Ramesh: Thanks for responding to that. (Sorry, readers: this is a bit
like eavesdropping on a conversation with astronauts on Mars, with long
delays between statement & response. Been on the road.)
I’ve followed a great deal of arguments about trade over the past few days:
Yours, Steve Sailer’s, Arnold Kling’s, and a dozen others going on off-line
and with readers. I doubt I shall ever get the Nobel Prize for economics,
but the following POLITICAL (as opposed to economic) facts are at least
clear to me.
—People schooled in economics, and who in some cases make a good living as
economists, have a surprisingly small zone of mutual agreement about
anything at all. Certainly they do not all agree with the free trade ueber
alles position.
—There are incontrovertible instances (Bismarck, post-Lincoln USA,
post-WW2 Japan) of countries prospering mightily while violating
international-free-trade principles.
—It is no good (politically, I mean–it is no good by way of convincing
masses of people you are right) to respond to those instances by saying:
“Ah, yes, in special circumstances.” That just leaves the door open for an
opponent to say: “So international free trade is not ALWAYS the optimal
strategy. There are circumstances when it isn’t. So… how do I know that
my country, today, is not in those circumstances?”

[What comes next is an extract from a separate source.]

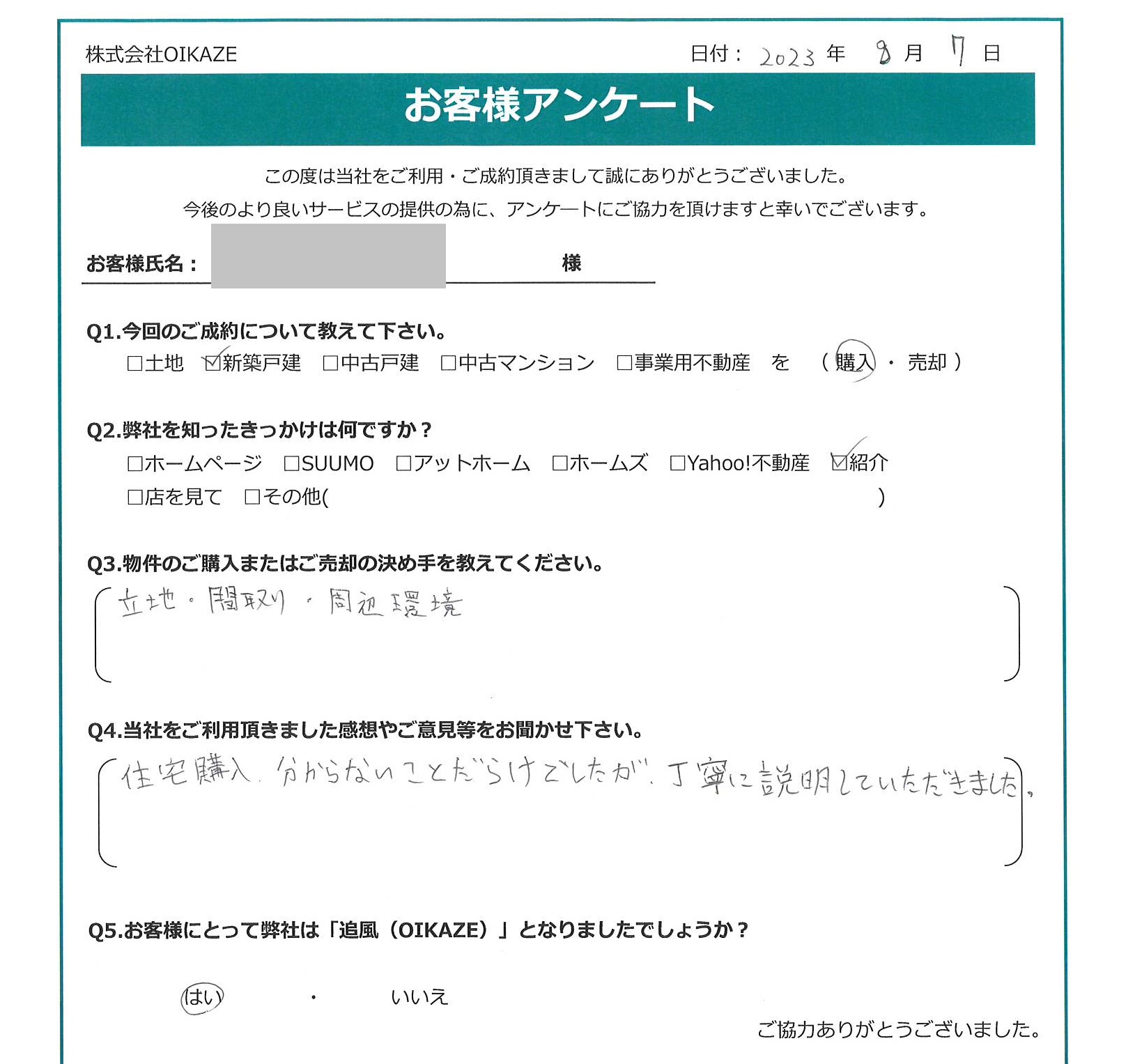 【2023年8月ご成約】神奈川県海老名市の新築戸建をご購入のH様 2023.08.07新築戸建, 渡辺健太 【2023年8月ご成約】神奈川県海老名市の新築戸建をご購入のH様 お客様から頂いたアンケート 今回のご成約について教えてください。 新築戸建を購入。 弊社を知ったきっかけは何ですか? 紹介。 物件のご購入の決め手を教えて下さい。 立地・間取り・周辺環境 当社をご利用頂きました感想やご意見等をお聞かせください。 住宅購入、分からないことだらけでしたが、丁寧に説明していただきました。 お客様にとって弊社は「追風(OIKAZE)」となりましたでしょうか? はい。

—Nor is it any good to say: “Ah, but those countries would have done EVEN
BETTER if they had adhered to strict free-trade principles.” That invites
the response: “How can you know that?” And also the response: “Well, why
shouldn’t I say the same of instances YOU cite, of countries (Hong Kong,
late-imperial Britain) prospering through free trade? Perhaps they would
have done EVEN BETTER under protectionism.”
—Nor is it any good to say: “Ah, but they were defying the law of gravity.
You can get away with that for a while, but reality will catch up with you.”
This is just saying: “IN THE LONG RUN, international free trade’s the way to
go.” Apart from bringing to mind J.M. Keynes’s well-known remark about what
happens to us all in the long run, this has the serious disadvantage, in our
own time, of being exactly what the rulers of the old USSR used to tell
their people about “scientific socialism”! “You may be suffering right now,
but it is all in aid of building a radiant future for our children.” (That
radiant future was such a staple of Soviet internal propaganda that one
Brezhnev-era dissident, Alexander Zinoviev, used it as the title for a
book.)
My abiding impression, after doing as much of the math as I can bear to (I
confess to having close to zero natural interest in theoretical economics)
is that Ricardian theory is fine in a frictionless world, just as Newtonian
particle mechanics is (I am ignoring 20th-century corrections to Newton).
They may even be universally applicable, as Newtonian mechanics is.
It is a truth well known to mathematicians, though, that there are some
circumstances so far from friction-free that while Newtonian mechanics does
not exactly break down, & is still controlling things at the deepest level,
poor Sir Isaac cannot be seen through the mass of necessary qualifications,
and the motions observed — in, for example, fluid mechanics — don’t look
the least bit Newtonian. Possibly the same is true of Ricardian trade
theory.
(Mathematically, in fact, fluid dynamics is notorious — not altogether
fairly — for all being based on one single equation. To judge from the stuff I
have been sent this past few days, the same might be true of economics –
though here it is not an equation but a principle, the principle of
comparative advantage. Neat principle; I like it; pleasantly
counterintuitive; I can follow the math; but….)
I don’t know whether international free trade is a sound principle in all
circumstances, and a proper guide to all economic decision-making. I do,
though, have a strong impression that if I were a conscientious politician
in a modern democracy, with the welfare of my people at heart (and my own
electability at the back of my mind), I would NOT be a dogmatic free-trader.